NORTH TEXAS (CBS 11 NEWS) - Before you pop another pill from the pharmacy, stop and compare the description on the insert to the medication you've been given. This simple step could save your life!

The CBS 11 I-team has learned the Texas Board of Pharmacy receives more than 200-complaints about dispensing errors every year--

An 84-year old was rushed to the hospital after the taking the wrong medication from a CVS pharmacy in Mansfield.

A mistake at a Grapevine pharmacy sent a 10-year-old to the emergency room. He couldn't walk or stay awake.

A doctor discovered a five-week-old was struggling with health issues after getting the wrong drug at a Walgreen in Garland.

"I'm not diabetic! I have no diabetes, in my family, " says Bennett Cunningham, a former CBS 11 employee. Cunningham contacted us after receiving a medicine for diabetes from a CVS Pharmacy in Dallas. Cunningham was supposed to get a tan, oval-shaped pill to treat his high cholesterol. Instead, a pharamists filled his prescription bottle with a three-month supply of round, blue pills used to treat diabetes.

"I could have taken this for another 90-days and become hypoglycemic.
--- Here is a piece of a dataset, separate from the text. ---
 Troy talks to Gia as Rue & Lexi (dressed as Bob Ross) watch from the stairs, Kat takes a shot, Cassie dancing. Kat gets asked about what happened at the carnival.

My body would have become damaged and I could have died."

"That's a pretty serious mistake, " says Dr. Marv Shepherd, Director of the Pharmaceutical School at the University of Texas at Austin.
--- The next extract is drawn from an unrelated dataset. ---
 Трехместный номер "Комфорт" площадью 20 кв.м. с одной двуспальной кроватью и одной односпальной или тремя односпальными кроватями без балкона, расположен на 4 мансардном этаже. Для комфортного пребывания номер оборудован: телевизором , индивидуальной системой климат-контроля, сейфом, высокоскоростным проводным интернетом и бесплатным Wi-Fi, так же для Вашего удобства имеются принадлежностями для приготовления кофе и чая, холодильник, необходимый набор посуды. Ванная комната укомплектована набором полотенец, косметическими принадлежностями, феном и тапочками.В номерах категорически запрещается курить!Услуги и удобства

Dr. Shepherd says Cunningham is one of the lucky ones. He says nationwide many people are dying from these mistakes "big time."

An Institute for Safe Medication Practices manual states "a typical pharmacy...may generate up to two clinically significant prescriptions errors every week."
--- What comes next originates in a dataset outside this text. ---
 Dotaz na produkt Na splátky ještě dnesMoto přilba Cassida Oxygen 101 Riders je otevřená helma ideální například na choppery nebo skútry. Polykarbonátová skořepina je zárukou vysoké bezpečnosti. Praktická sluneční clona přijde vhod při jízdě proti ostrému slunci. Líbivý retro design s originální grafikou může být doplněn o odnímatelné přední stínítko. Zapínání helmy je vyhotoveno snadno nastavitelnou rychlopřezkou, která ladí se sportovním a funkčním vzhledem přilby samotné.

Doctor Shepherd says part of the problem is more people, than ever before, are getting prescriptions. This means pharmacies are busier than ever.

But, he says, the number one problem is bad handwriting.

Studies show actual prescriptions for drugs like "Avandia" for diabetes can be misinterpreted for "Coumadin" which is a blood thinner. When you look at the handwriting on tthe prescription, it is very hard to tell which word is written. They are very similar.

Another prescription for "Prevacid" was misinterpreted as "Prinivil." And in one case, "6 U" was confused and the prescription was written for "60 units."

One of the hundreds of disciplinary actions the CBS 11 I-team reviewed from the Texas Board of Pharmacy cites a pharmacist in Flower Mound at a Tom Thumb Pharmacy. He filled a Flomax prescription and included instructions to take it "every two-to-four hours." The actual prescription was written as take "every 24-hours." The patient got dizzy, nauseated and had low blood pressure.

Cunningham is thankful he checked his prescription before taking it. He's angry the pharmacy did not perform the checks and balances meant to prevent mistakes.

CVS Caremark sent us the following statement:

"The health and safety of our customers is our number one priority and we have comprehensive policies and procedures in place to ensure prescription safety. We extended our sincere apologies to Mr. Cunningham for this incident. We corrected his prescription as soon as this was brought to our attention and we are cooperating with the Board of Pharmacy in its investigation of this matter. Prescription errors are a very rare occurrence, but if one does happen we fully investigate the incident to determine what happened in order to prevent it from occurring again. We are committed to continually improving quality measures to help ensure that prescriptions are dispensed safely and accurately."

Dr. Shepherd says you should always ask the pharmacist if you have any questions. A consultation may detect an error. And, once you get home and open your medication, you should compare the shape, size, markings and color of your medication to the description on the insert attached to your prescriptions.